--- Exercise data ---
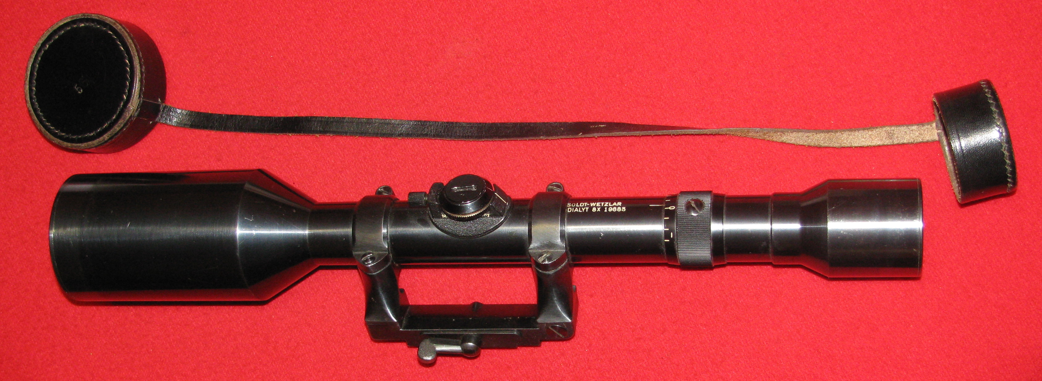 Zum Verkauf kommt ein seltenes ZF / Zielfernrohr / Stahlglas, ein HENSOLDT WETZLAR ZIEL - DIALYT 8X , ( # 19883 ) mit dem Absehen 1
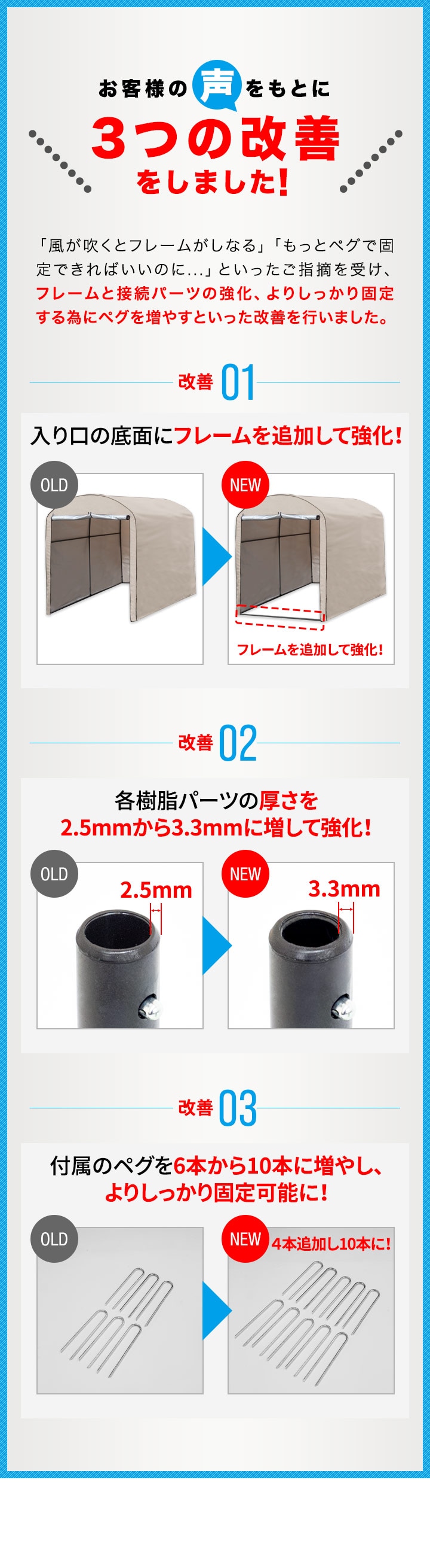 | 特記事項: ※組み立ては2人以上で行ってください。 ※台風などの強風時は使用を中止し、カバーは外してください。 風で飛ばされたり、転倒して周囲のものを破損・破壊させる原因となります。 ※固定金具を使用する場合、ペグ、釘打ちのハンマーは別途ご用意ください。 |
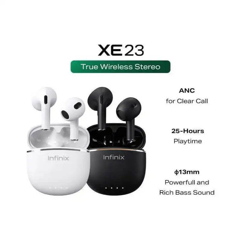 إنفينيكس بودز لايت XE23 أسود بدرايفرات ثنائية 13 مم غرافين للباس القوي والترددات العالية الصافية (20 هرتز-20 كيلو). بلوتوث 5.3 مستقر 10 متر مع اتصال فوري ووضع ألعاب تأخير منخفض؛ 4 ميكروفونات تشكيل شعاع (2 لكل سماعة) مع AI ENC لمكالمات فائقة الوضوح في البيئات الصاخبة. 40 مللي أمبير لكل سماعة 5 ساعات موسيقى (4.5 ساعة مكالمات)، 25 ساعة إجمالي بعلبة 300 مللي أمبير Type-C—10 دقائق شحن = 40 دقيقة تشغيل. IPX4 مقاومة عرق/مطر خفيف.
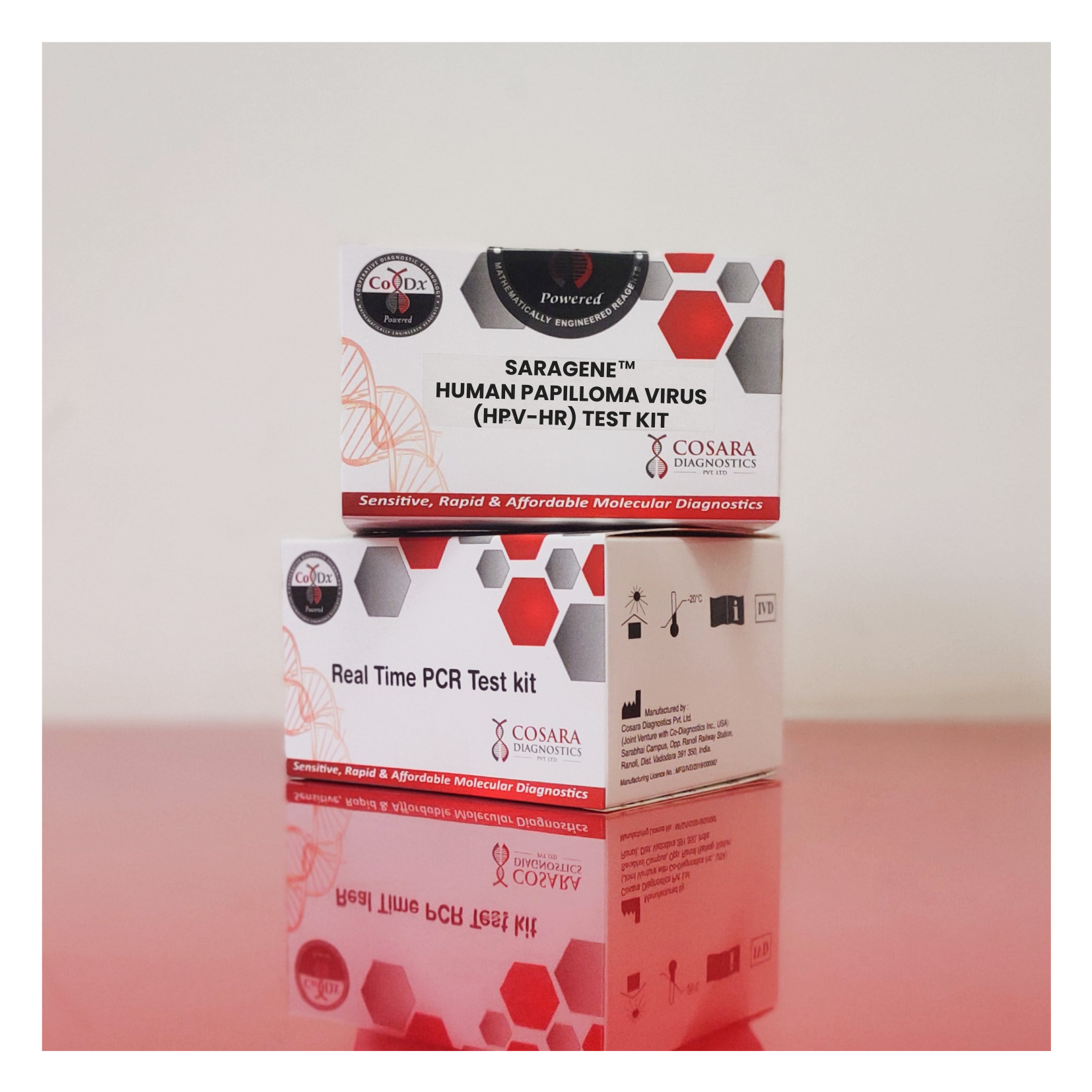 The SARAGENE® Human papillomavirus- High Risk Real-Time PCR (RT-PCR) test is used for detection and differentiation of HPV genotypes 16 and 18 while concurrently detecting other high risk types 31, 33, 35, 39, 45, 51, 52, 56, 58, 59, 66 and 68. The test includes an internal control to identify possible qPCR inhibition and verify the quality of sample extraction. The kit is designed to aid in the diagnosis of HPV during early or acute stages of infection to screen for high risk types of HPV that have been associated with cervical cancer.

--- Exercise directions ---
In your copy of the listing, please omit the pictures and keep every word exact.

--- Your solution ---
 Zum Verkauf kommt ein seltenes ZF / Zielfernrohr / Stahlglas, ein HENSOLDT WETZLAR ZIEL - DIALYT 8X , ( # 19883 ) mit dem Absehen 1
 | 特記事項: ※組み立ては2人以上で行ってください。 ※台風などの強風時は使用を中止し、カバーは外してください。 風で飛ばされたり、転倒して周囲のものを破損・破壊させる原因となります。 ※固定金具を使用する場合、ペグ、釘打ちのハンマーは別途ご用意ください。 |
 إنفينيكس بودز لايت XE23 أسود بدرايفرات ثنائية 13 مم غرافين للباس القوي والترددات العالية الصافية (20 هرتز-20 كيلو). بلوتوث 5.3 مستقر 10 متر مع اتصال فوري ووضع ألعاب تأخير منخفض؛ 4 ميكروفونات تشكيل شعاع (2 لكل سماعة) مع AI ENC لمكالمات فائقة الوضوح في البيئات الصاخبة. 40 مللي أمبير لكل سماعة 5 ساعات موسيقى (4.5 ساعة مكالمات)، 25 ساعة إجمالي بعلبة 300 مللي أمبير Type-C—10 دقائق شحن = 40 دقيقة تشغيل. IPX4 مقاومة عرق/مطر خفيف.
 The SARAGENE® Human papillomavirus- High Risk Real-Time PCR (RT-PCR) test is used for detection and differentiation of HPV genotypes 16 and 18 while concurrently detecting other high risk types 31, 33, 35, 39, 45, 51, 52, 56, 58, 59, 66 and 68. The test includes an internal control to identify possible qPCR inhibition and verify the quality of sample extraction. The kit is designed to aid in the diagnosis of HPV during early or acute stages of infection to screen for high risk types of HPV that have been associated with cervical cancer.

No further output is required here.